The other work is ‘Gamut,’ a work that, in effect, is always a world premiere each time it’s performed. For those participating in the ‘8 Seconds of Fame’ project, this will be a good example of what modern dance can achieve with a potentially infinite set of possibilities.
Created by RDT dancers, the work is predicated on Cunningham’s idea of collecting a ‘gamut’ of movements and materials that conceivably can be placed in a composition. However, Smith emphasizes that the work is not a purely chance or improvisational work. Instead, the work is structured more like a game where the rules ultimately permit elements of chance or indeterminacy. (PHOTO: ‘Karyo,’ choreographed by Susan McLain, Jeff Zhang)
Each of the seven dancers is given the opportunity to develop a section of movement where it can be precisely dictated or it can give the dancer a specific set of actions or movements that could be performed for that section. The real fun comes in the music where performers will click an iPod button and the music will randomly be shuffled to a chance target.
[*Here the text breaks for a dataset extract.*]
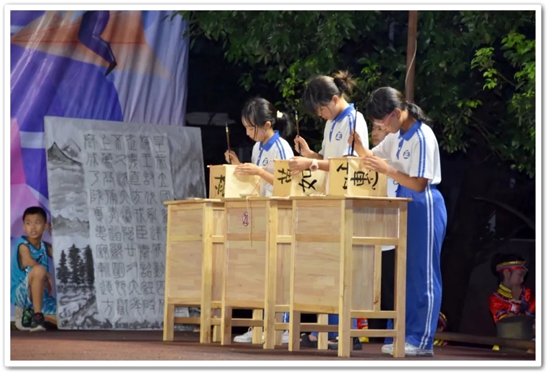 书法节目《泰山石刻》,学生从书法、表演等多方面展现,在灯笼上进行书法展示,别有一番风味。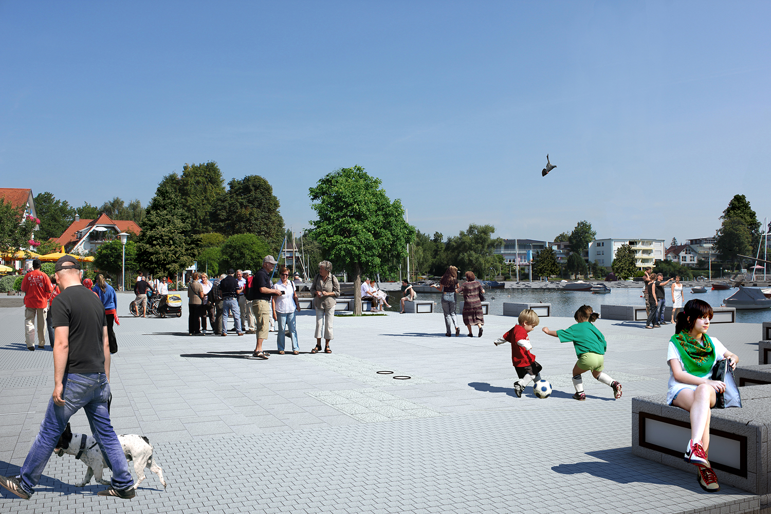 A new urban design concept gradually took shape: that is, to create a pure outdoor open space here, a pure space that is almost like an urban stage. This space presents pure emptiness, thus gaining great possibilities and placing the beautiful scenery of Lake Constance in front of us. Like the space of the universe, although this space looks empty, it is restrained by different force fields. After precise computer calculation, the flow lines and intensity ranges of different user groups are converted into three spatial categories: fast passing, performance and leisure. These three categories are then converted into six types of ground paving materials with different properties. The six types of ground paving materials are combined with the embankment design to eventually form Wasserburg's unprecedented urban dock - an empty but powerful urban space - a precisely calculated social living space. It leaves beauty to the city and the water of Lake Constance, and humility to itself.

It could be of any musical style or it could even be street, machine, or routine sounds. ‘The work is different each time it is performed,’ Smith adds.
Even despite the forecasts for hot weather, the dancers look forward to a major outdoor venue such as the Utah Arts Festival. ‘Performing at an outdoor festival provides the dancer with an expansive, flowing feeling,’ Sarah Donohue explains. ‘I love looking out to the crowd, the mountains, the sky, the setting sun. That setting sun can present some challenges, as it can drop down to eye level, making the dancers tap into their kinesthetic senses a bit more.’